**What needs to be done:**
Each line in the material below, starting at the one that contains "Retro 60's/70's kilim" and ending at the one that contains "Cuesta andar y", should be repeated exactly; the pictures should not.

**Extracted entries:**
________________________________________
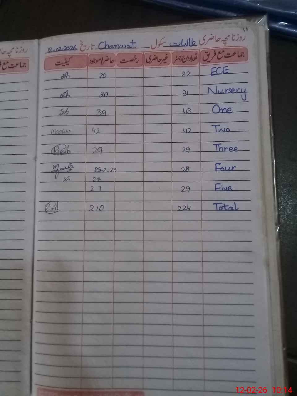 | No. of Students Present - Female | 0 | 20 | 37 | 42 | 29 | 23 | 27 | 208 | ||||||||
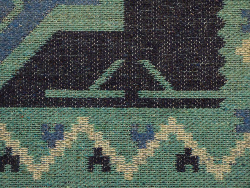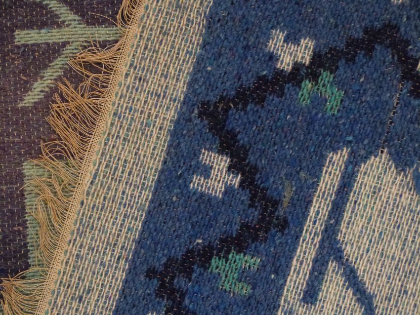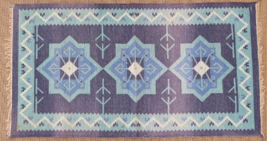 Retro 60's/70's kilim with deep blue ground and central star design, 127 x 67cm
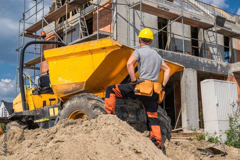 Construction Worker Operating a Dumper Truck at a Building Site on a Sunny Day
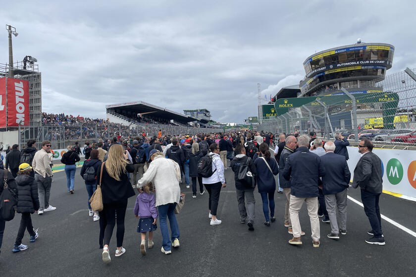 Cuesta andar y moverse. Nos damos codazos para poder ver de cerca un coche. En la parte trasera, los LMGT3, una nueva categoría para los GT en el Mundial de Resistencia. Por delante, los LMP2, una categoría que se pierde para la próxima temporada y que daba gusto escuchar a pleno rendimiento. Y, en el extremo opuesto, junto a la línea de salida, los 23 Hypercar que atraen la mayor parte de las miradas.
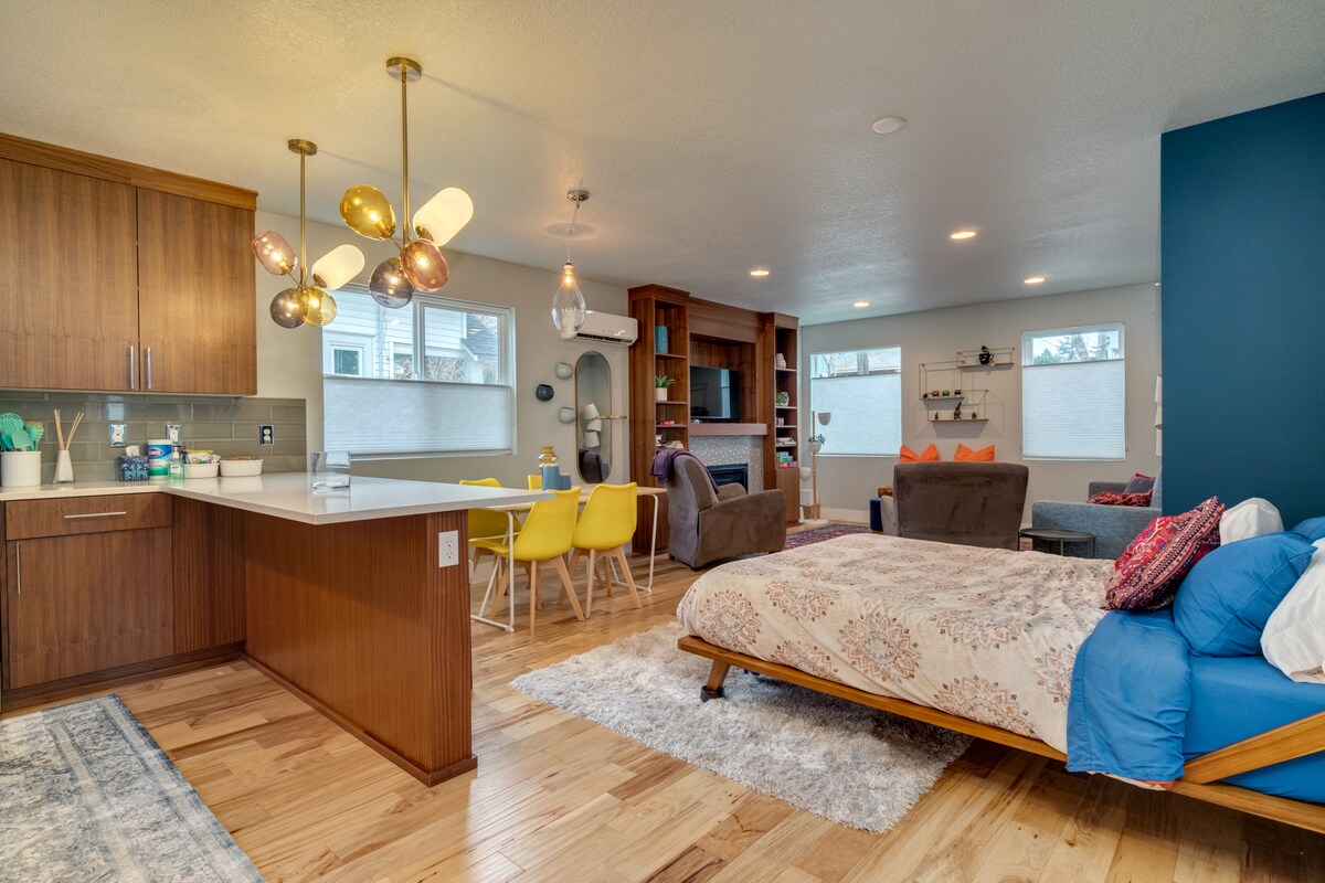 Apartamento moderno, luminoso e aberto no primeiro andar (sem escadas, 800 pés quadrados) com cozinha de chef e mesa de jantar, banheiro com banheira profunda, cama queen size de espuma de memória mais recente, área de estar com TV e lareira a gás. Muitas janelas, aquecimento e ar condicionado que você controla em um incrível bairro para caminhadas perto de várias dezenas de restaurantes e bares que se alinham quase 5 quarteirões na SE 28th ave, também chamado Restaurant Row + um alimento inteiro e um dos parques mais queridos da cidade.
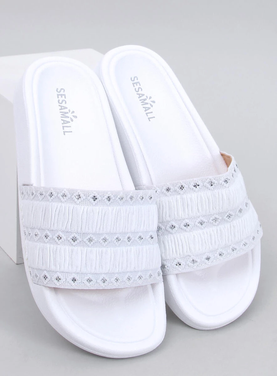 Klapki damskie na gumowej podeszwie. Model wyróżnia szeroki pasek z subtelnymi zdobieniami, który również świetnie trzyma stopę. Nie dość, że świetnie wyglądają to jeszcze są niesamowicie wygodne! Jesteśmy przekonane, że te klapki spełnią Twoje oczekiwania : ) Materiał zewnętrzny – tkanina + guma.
________________________________________
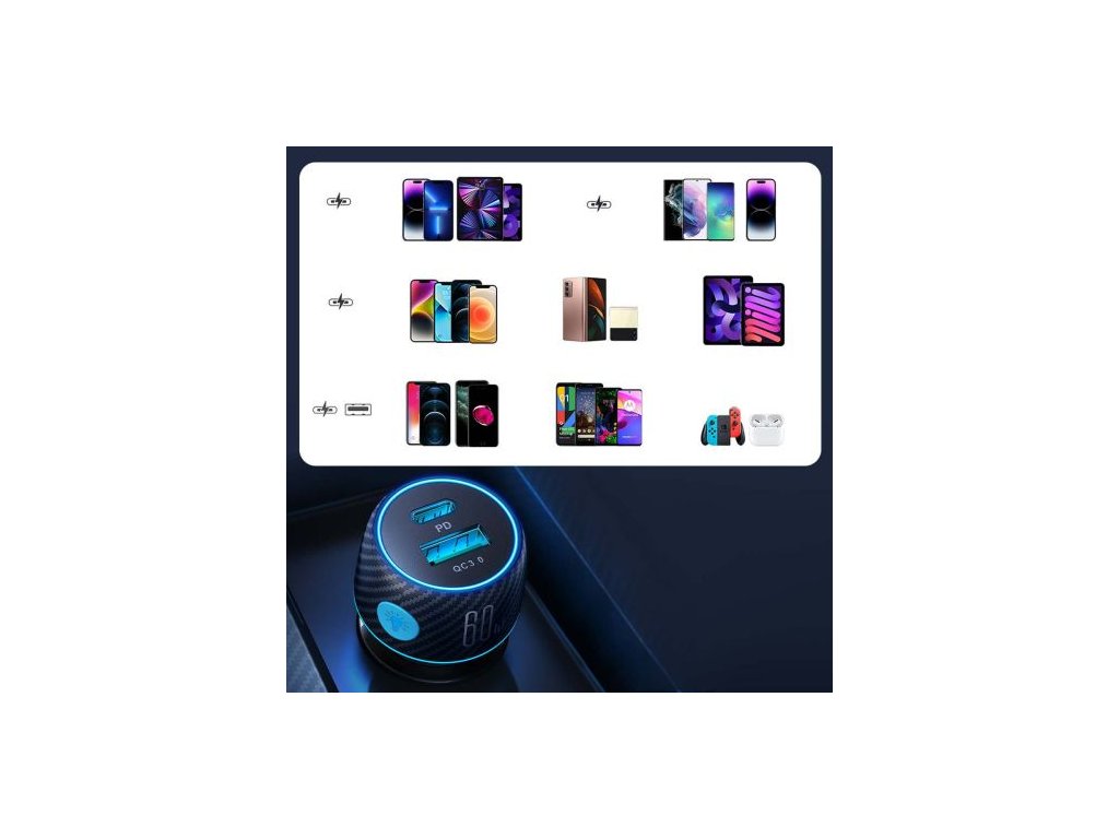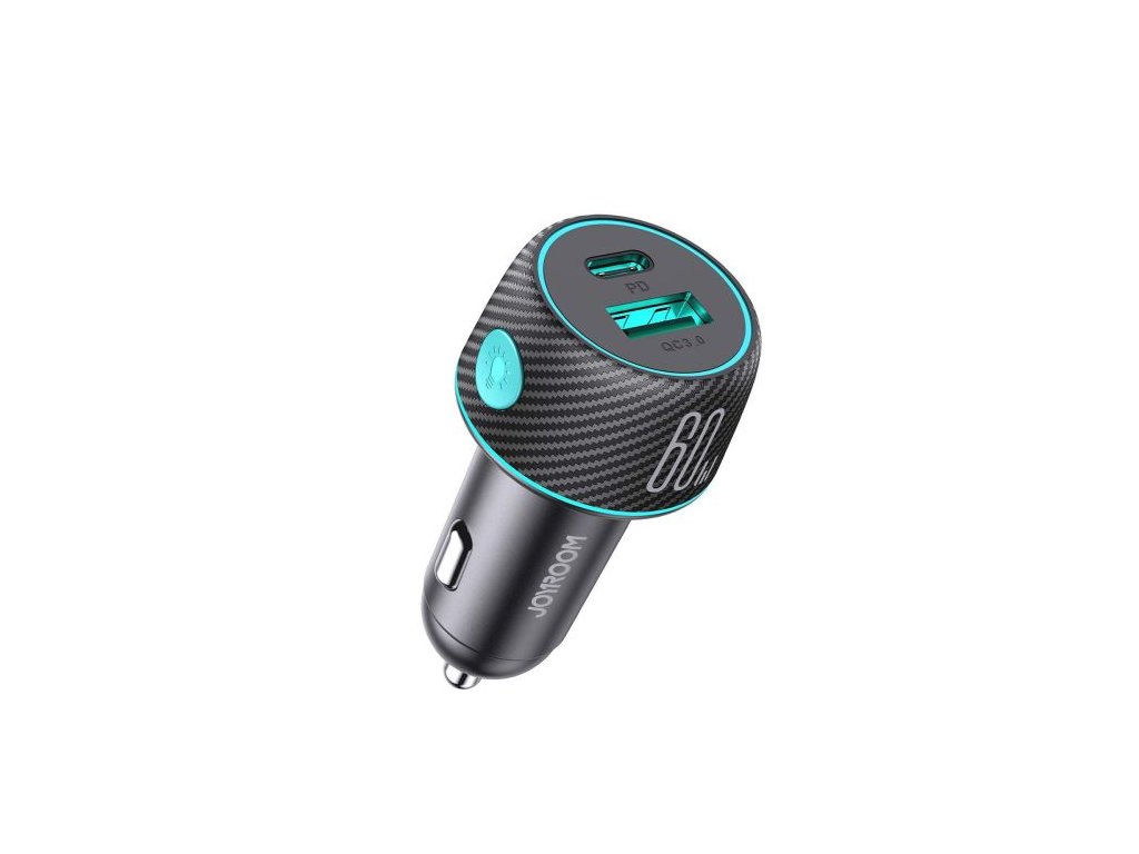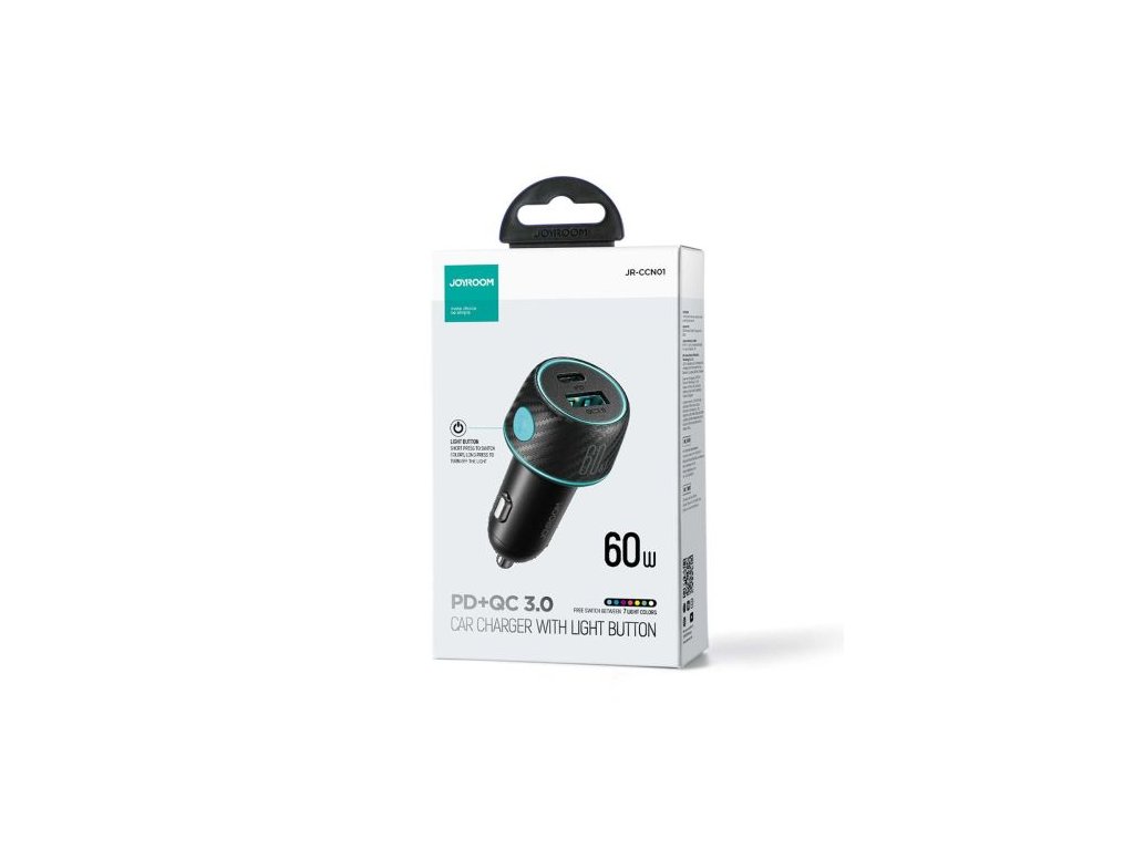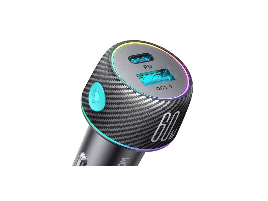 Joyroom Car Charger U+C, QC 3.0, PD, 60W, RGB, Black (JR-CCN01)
________________________________________
**Result of this exercise:**
 Retro 60's/70's kilim with deep blue ground and central star design, 127 x 67cm
 Construction Worker Operating a Dumper Truck at a Building Site on a Sunny Day
 Cuesta andar y moverse. Nos damos codazos para poder ver de cerca un coche. En la parte trasera, los LMGT3, una nueva categoría para los GT en el Mundial de Resistencia. Por delante, los LMP2, una categoría que se pierde para la próxima temporada y que daba gusto escuchar a pleno rendimiento. Y, en el extremo opuesto, junto a la línea de salida, los 23 Hypercar que atraen la mayor parte de las miradas.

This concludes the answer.